### Activity
Copy out exactly, from the entries that follow, the line holding "a także Zespół", the line holding "На снимке: участники", and all lines between them, but no pictures.

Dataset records
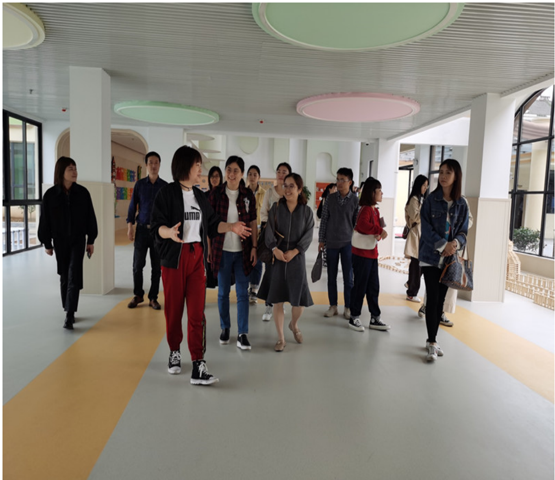
赴云和木玩游戏实践园开展“校·园”联合教研活动

专业队伍赴云和木玩游戏实践园开展“校·园”联合教研活动，进一步加强对云和木玩游戏模式的研究，深化我校与学前教育专业实践基地的合作。应松阳实验幼儿园、松阳县第二实验幼儿园和松阳县闻莺南城幼儿园的邀请，开展了儿童剧场“绘本剧表演”走进幼儿园活动，广受好评。同时，每学期聘请幼儿园教师到学校开展专题讲座、教学活动；派遣专业教师进幼儿园学习和挂职实践。新进教师在第一年需在完成校内工作外，每周需下幼儿园参与幼儿园实践活动，熟悉幼儿园活动的安排与组织，提升教学专业能力；其他专业教师在每学期学生实习过程中，同学生一起进幼儿园挂职实践。实习幼儿园参与学生实习过程的管理和指导。
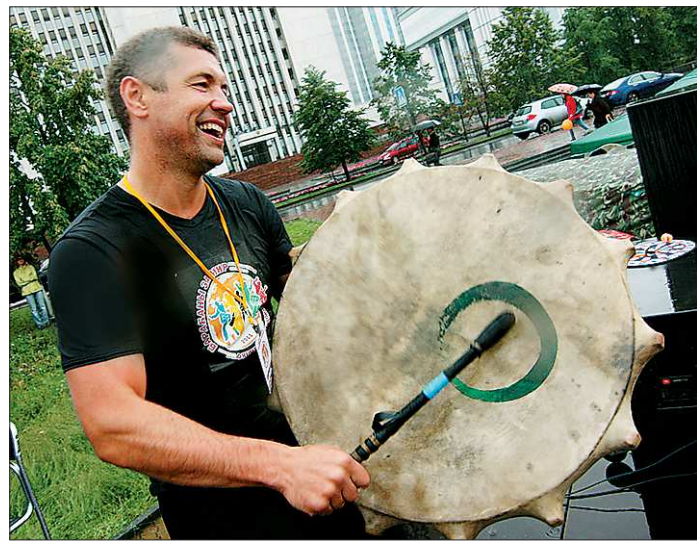
Пульс планеты уже прощупывается

В субботу под почти непрекращающимся дождем на площади около Театра драмы почти триста уральцев участвовали в ритуальном ритмическом часовом действе. Из-за непогоды установить телестелост с дру-
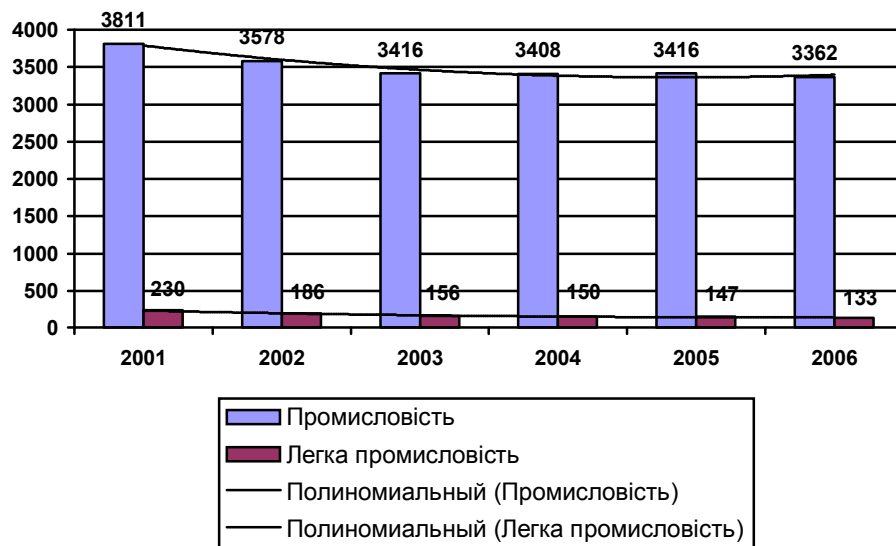
Рис. 2. Середньорічна кількість найманих працівників у 2001-2006 рр. (тис. осіб).

Що стосується оплати праці найманих працівників легкої промисловості, то тут вона майже вдвічі відстає від заробітної плати у промисловості. Якщо у промисловості у 2006 р. середньорічна номінальна заробітна плата складала 1212 грн., то у легкій промисловості лише 653 грн., що видно з рис. 3 [8, С. 393].
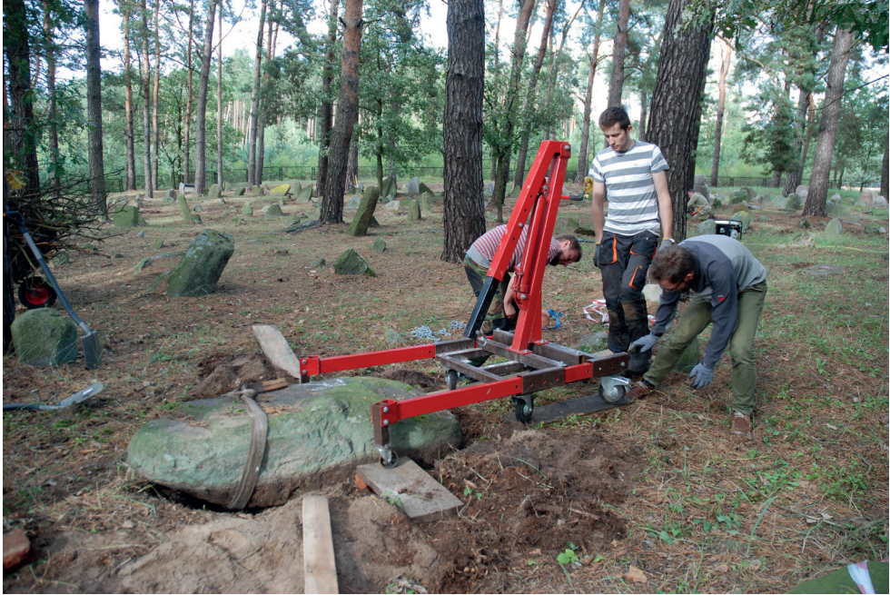
8. Cmentarz w Studziance. Konserwatorzy przy pracy. Cemetery in Studzianka. Conservators at work.
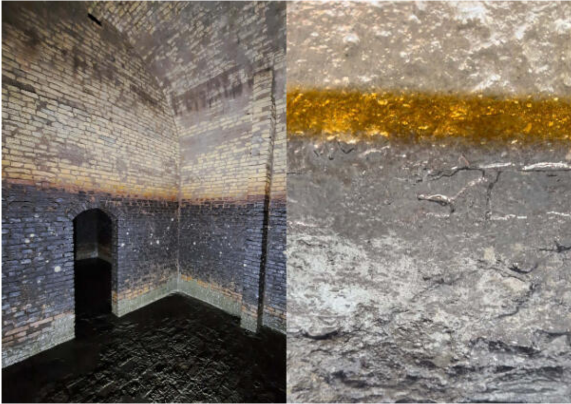
Links: Waterkelder Zuiderzeemuseum | Rechts: Artist impression werk Nynke Koster, In de stilte van de diepe waterkelder , 2026

De meest recente toevoeging aan deze collectie is het bijzondere object In de stilte van de diepe waterkelder van Nynke Koster (1986), gesitueerd in de binnentuin van het Schathuys. Haar werk verwijst naar de onder het kunstwerk gelegen historische waterkelders en is een afgietsel van de bakstenen wanden van één van deze ruimtes. De subtiele verkleuringen en de markering van het vroegere waterniveau zijn daarbij zorgvuldig zichtbaar gelaten. Met dit kunstwerk maakt Koster een normaal voor publiek ontoegankelijk deel van het museumcomplex ervaarbaar voor bezoekers. Het werk is uitgevoerd op circa 65 procent van de oorspronkelijke schaal en gaat door de materiaalkeuze en toevoeging van audio een bijzondere dialoog aan met de ruimte.
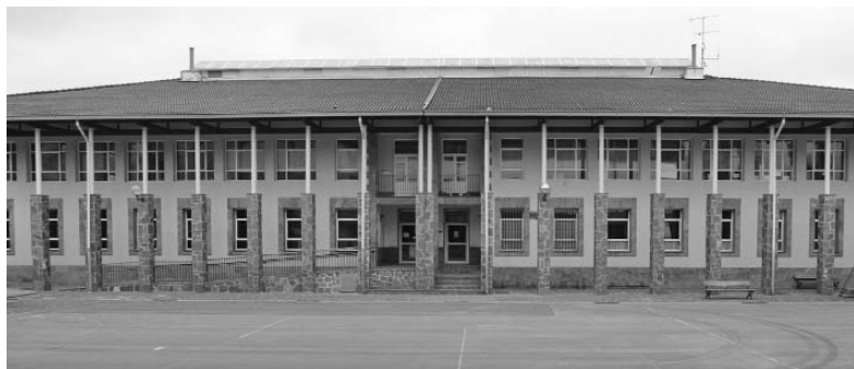
“J. A. Muñagorri” herri-ikastetxe berria
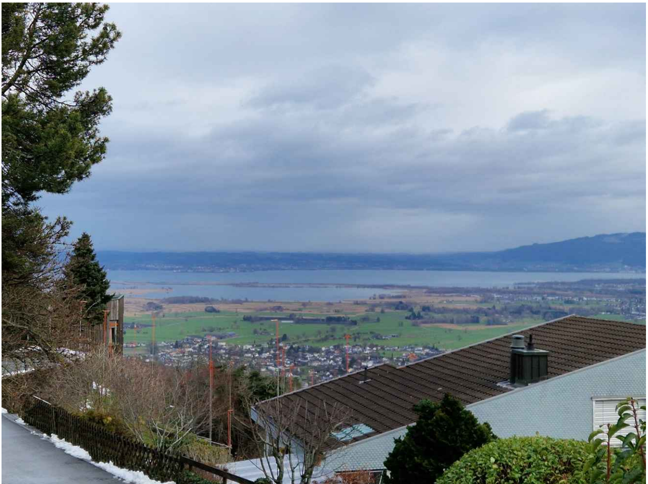
Wunderbare Aussicht auf den Bodensee
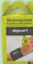
Munhequeira Elástica Ajustável Mercur com Tala Preta 1 Par
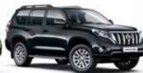
218 Attitude Black Mica/Eclipse
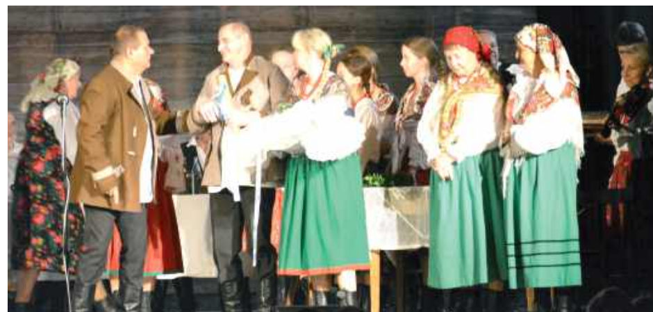
Pomędzy występami odbywały się warsztaty artystyczne prowadzone przez Radę Artystyczną Sejmiku sprzyjające wymianie doświadczeń i doskonaleniu umiejętności aktorskich

a także Zespół Pieśni i Tańca PRZEMYŚL w widowisku „Kolejność z przemyskiego”. Po południu odbyło się uroczyste zakończenie i podsumowanie tegorocznej edycji, połączone z podziękowaniami dla zespołów i instruktorów.
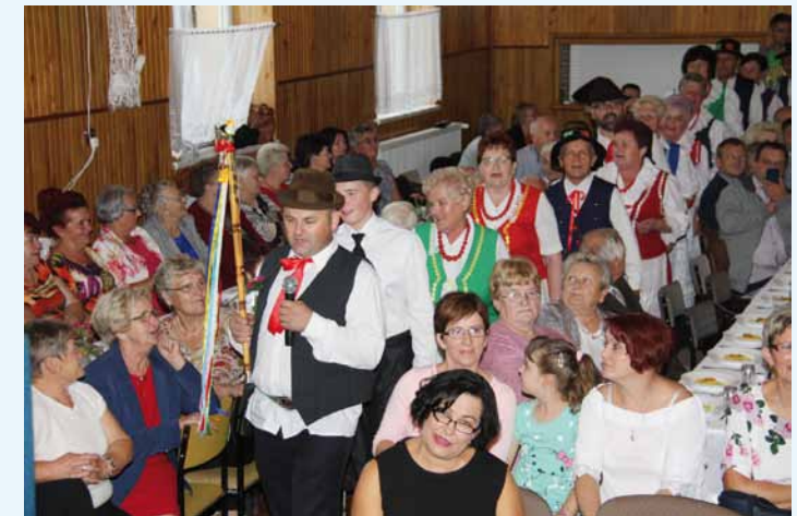
Fragment inscenizacji obrzędu weselnego - W drodze do domu panny młodej
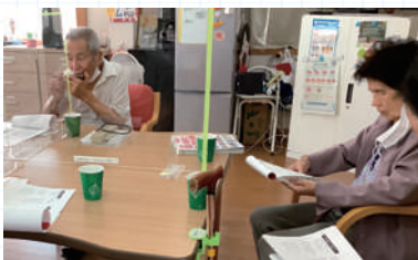
ハーモニカに合わせてみんなで合唱♪
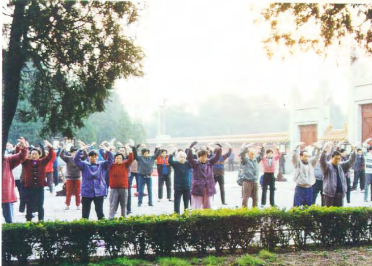
< 1999年中共迫害法轮功之前，北京法轮功学员在地坛公园集体炼功。

为地位，我已有地位；若为幸福的家，我也已拥有，但在学法轮功前我灵魂就一直感到缺失，觉得人生不该只是这样。金钱买不来健康，名利更是过眼烟云。”
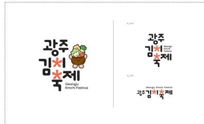
광주김치축제 BI 및 캐릭터 디자인 개발(2023)
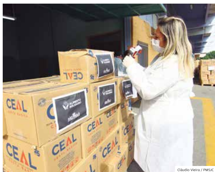
Estado. Governo do Estado encaminhou para São José 29 mil cestas básicas para famílias que vivem em situação de pobreza

General Motors e Veibrás cederam veículos para o trabalho nas ruas. A Urgo Medical doou cerca de uma tonelada de álcool gel. O governo estadual também forneceu 29 mil cestas básicas.
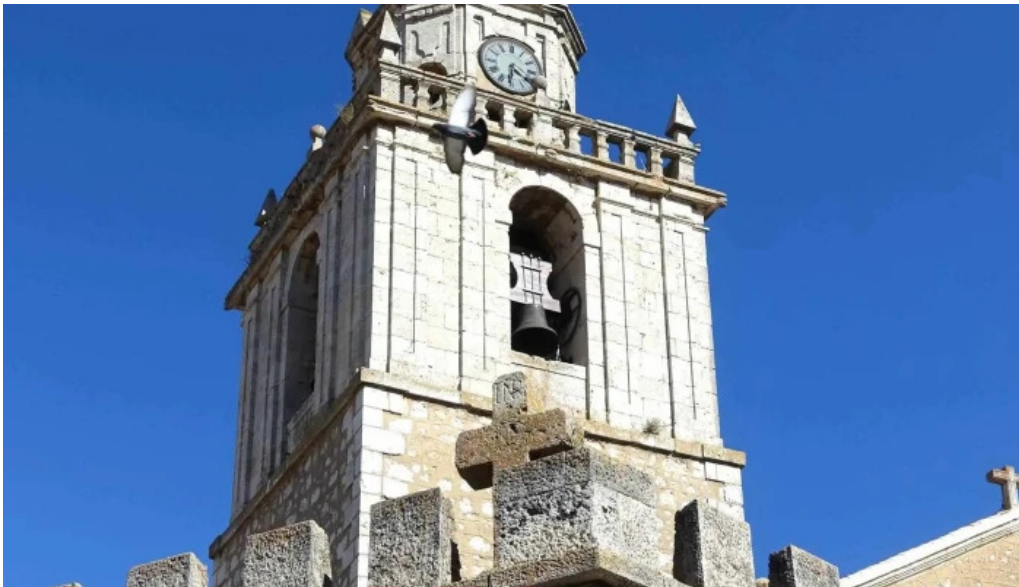
Iglesia de nuestra senora de la asuncion comentario 3
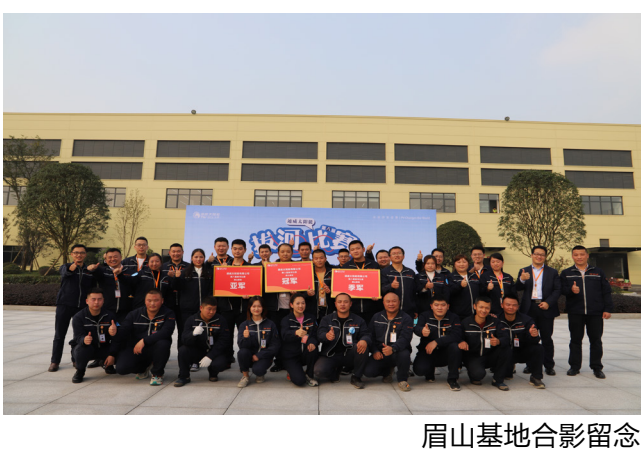
眉山基地合影留念
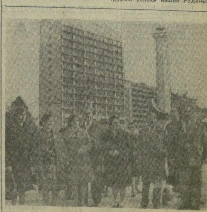
На снимке: участники Дней Аджарской АССР на проспекте И. Чавчавадзе.

Коллектив Батумского педагогического института имени Ш. Руставели делает все для того, чтобы из его стен выходили квалифицированные специалисты, умножающие своим трудом успехи нашей Родины.
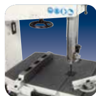
Protezioni massima sicurezza
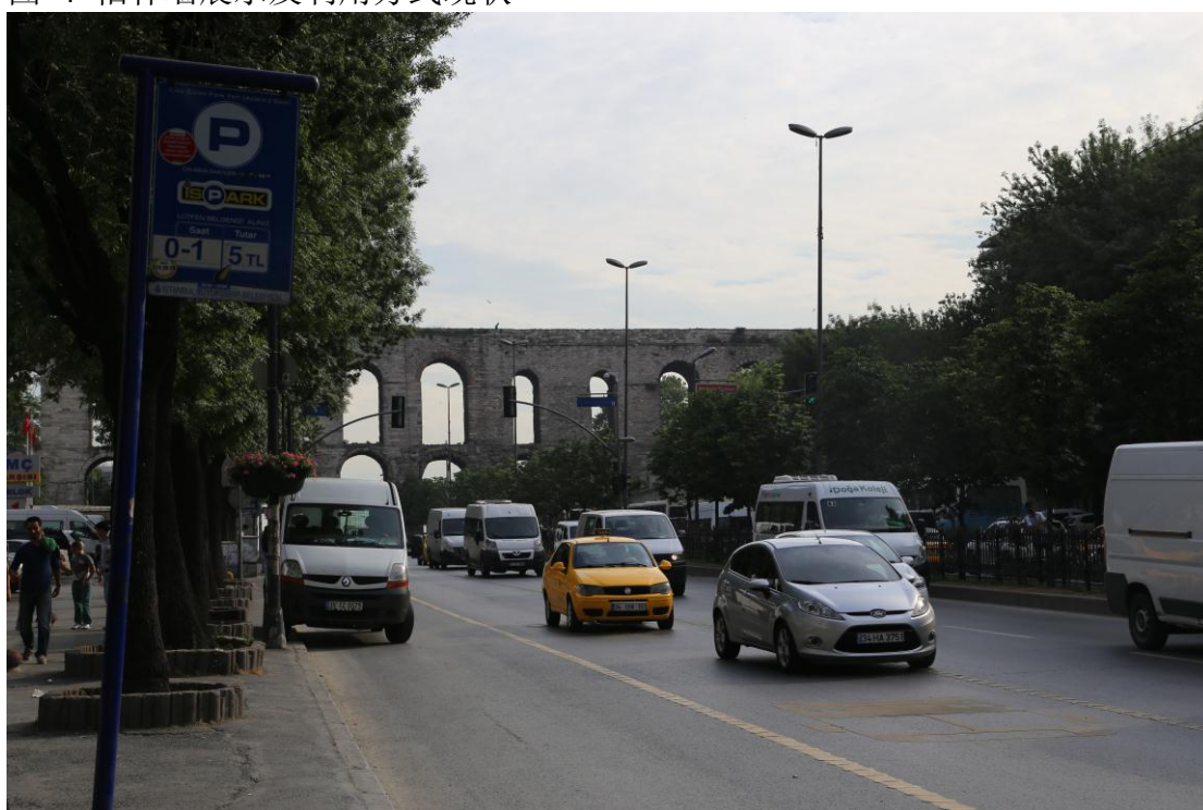
图 5 伊斯坦布尔市区乌赞克梅输水道穿越闹市区
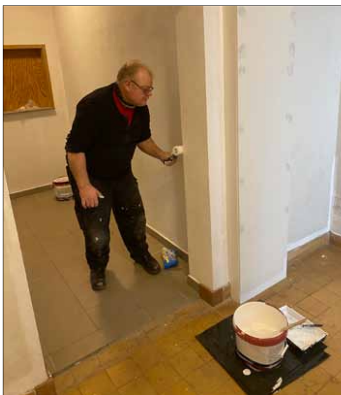
Kælderen bliver rigtig fin
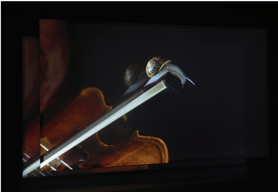
Anri Sala, If and Only If , 2018 (film still) Courtesy the artist, Marian Goodman Gallery and Galerie Chantal Crousel, Paris © Cathy Carver
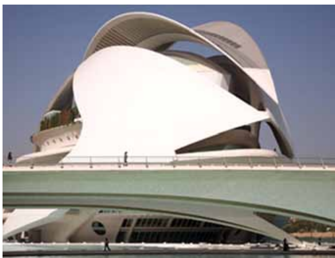
Palau de les Arts Reina Sofia

La Fundación IBERDROLA patrocina las actividades y la programación artística desarrollada por el Palau de les Arts, cuyo majestuoso edificio diseñado por el arquitecto valenciano Santiago Calatrava se presenta como una gran escultura de alto contenido simbólico. La Orquestra de la Comunitat Valenciana, titular del Palau de les Arts Reina Sofia, está integrada por músicos internacionales personalmente seleccionados por su director musical, Lorin Maazel, quien lidera la formación desde su fundación en 2006. En poco tiempo, la OCV, galvanizada por Maazel, se ha situado entre los conjuntos más ascendentes del panorama internacional, y ha sido elogiada por público y crítica como "una de las mejores orquestas surgidas en los últimos años".
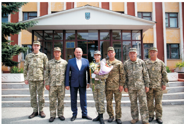
Випуск слухачів Центру підготовки офіцерів запасу класичного університету Тернополя (липень 2021)
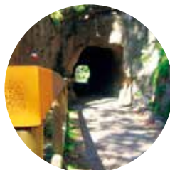
Túnel en el camino dels Matxos

Fontverd: Nombre compuesto de font -fuente, en castellano-, del latín fons , y de verd -verde, en castellano-, del latín viride . En efecto, en la comarca hay nacimiento de aguas sobre el zócalo granítico -filtrador- y esto hace del lugar un jardín espontáneo por la abundancia de plantas.
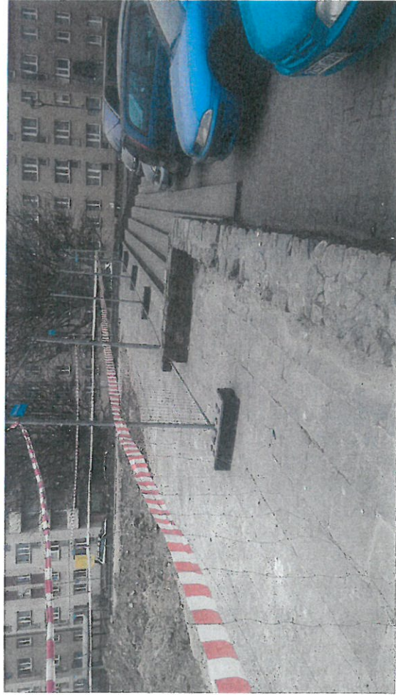
Proponowane miejsce na nowy stojak rowerowy
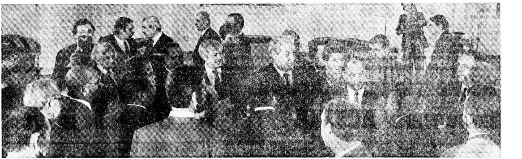
Во вторник в Кремле Президент России Борис Ельцин принял глав дипломатических миссий, аккредитованных в Москве.
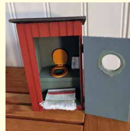
Redaktörens eget mini-dass i dockskåpsformat.
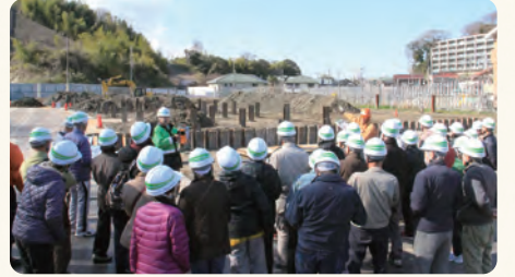
▲土を留める連続壁の施工が終わり、今後、掘削する現場を見学
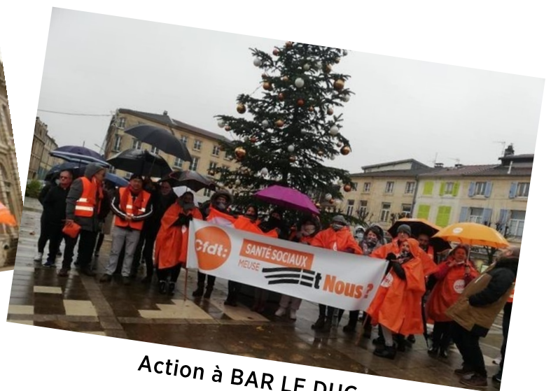
Action à BAR LE DUC
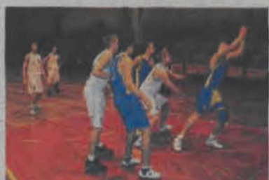
Księżacy odnieśli łatwe zwycięstwo z Wikingiem.

Łowicz, 7 listopada. Po raz drugi w tym sezonie spotkały się drużyny Księżaka i Wikinga. W pierwszym meczu 3 października, kiedy to łowiczanie grali po dłuższej przerwie, ledwie sobie poradzili z tą ekipą, wygrywając 47:39. W rewanżu było już znacznie lepiej. Patrząc na grę Księżaka, miało się wrażenie, że to inna drużyna. Łowiczanie ostro się zrewanżowali i nie dali ekipie z Tomaszowa najmniejszych szans, zwyciężając 92:49.
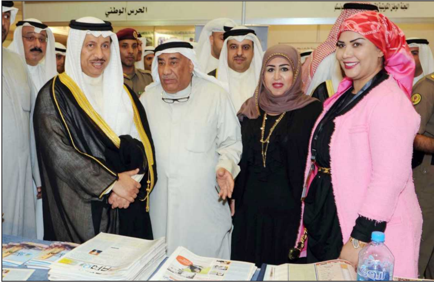
• سمو رئيس مجلس الوزراء في جناح آفاق مع مستشار التحرير طارق إدريس و الزملتان أمينة البناي و هبة الطويل

حظي جناح جريدة آفاق الجامعية بزيارة رئيس الوزراء سمو الشيخ جابر المبارك الصباح و نائب رئيس مجلس الوزراء و وزير الخارجية و وزير الدولة لشؤون مجلس الوزراء الشيخ صباح الخالد و وزير الإعلام الشيخ محمد عبدالله المبارك و ذلك ضمن فعاليات الملتقى الإعلامي العربي التاسع و ملتقى الكويت الإعلامي الثاني للشباب « دورة محمد مساعد الصالح » الذي أقيم الأسبوع الماضي في فندق شيراتون الكويت .
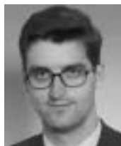
Hynek Fajmon Autor je poslancem Parlamentu ČR

Summit NATO se poprvé konal za bývalou železnou oponou v hlavním městě České republiky v Praze. Vzhledem k významu této akce je třeba věnovat velkou pozornost obsahu a výsledkům tohoto jednání.
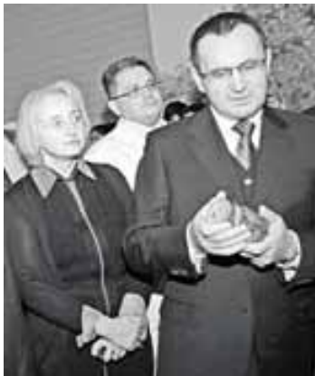
Министр сельского хозяйства России Н. Фёдоров по достижению оценки продукции «Агро-Инвеста»

упаковки конечной продукции, удобная и привлекательная для потребителя как при хранении, так и в употреблении, и третий – способность плодово-овощной продукции, которая должна быть такой, чтобы отпавшие цены обеспечивали достаточную прибыль непосредственному производителю и приемлемые для потребителя розничные цены. Наши консерщики постепенно приходят к пониманию, что в условиях рыночной экономики разумный производитель вряд ли станет работать себе в убыток. Всту-

### Answer for the task
a także Zespół Pieśni i Tańca PRZEMYŚL w widowisku „Kolejność z przemyskiego”. Po południu odbyło się uroczyste zakończenie i podsumowanie tegorocznej edycji, połączone z podziękowaniami dla zespołów i instruktorów.
Fragment inscenizacji obrzędu weselnego - W drodze do domu panny młodej
ハーモニカに合わせてみんなで合唱♪
< 1999年中共迫害法轮功之前，北京法轮功学员在地坛公园集体炼功。

为地位，我已有地位；若为幸福的家，我也已拥有，但在学法轮功前我灵魂就一直感到缺失，觉得人生不该只是这样。金钱买不来健康，名利更是过眼烟云。”
광주김치축제 BI 및 캐릭터 디자인 개발(2023)
Estado. Governo do Estado encaminhou para São José 29 mil cestas básicas para famílias que vivem em situação de pobreza

General Motors e Veibrás cederam veículos para o trabalho nas ruas. A Urgo Medical doou cerca de uma tonelada de álcool gel. O governo estadual também forneceu 29 mil cestas básicas.
Iglesia de nuestra senora de la asuncion comentario 3
眉山基地合影留念
На снимке: участники Дней Аджарской АССР на проспекте И. Чавчавадзе.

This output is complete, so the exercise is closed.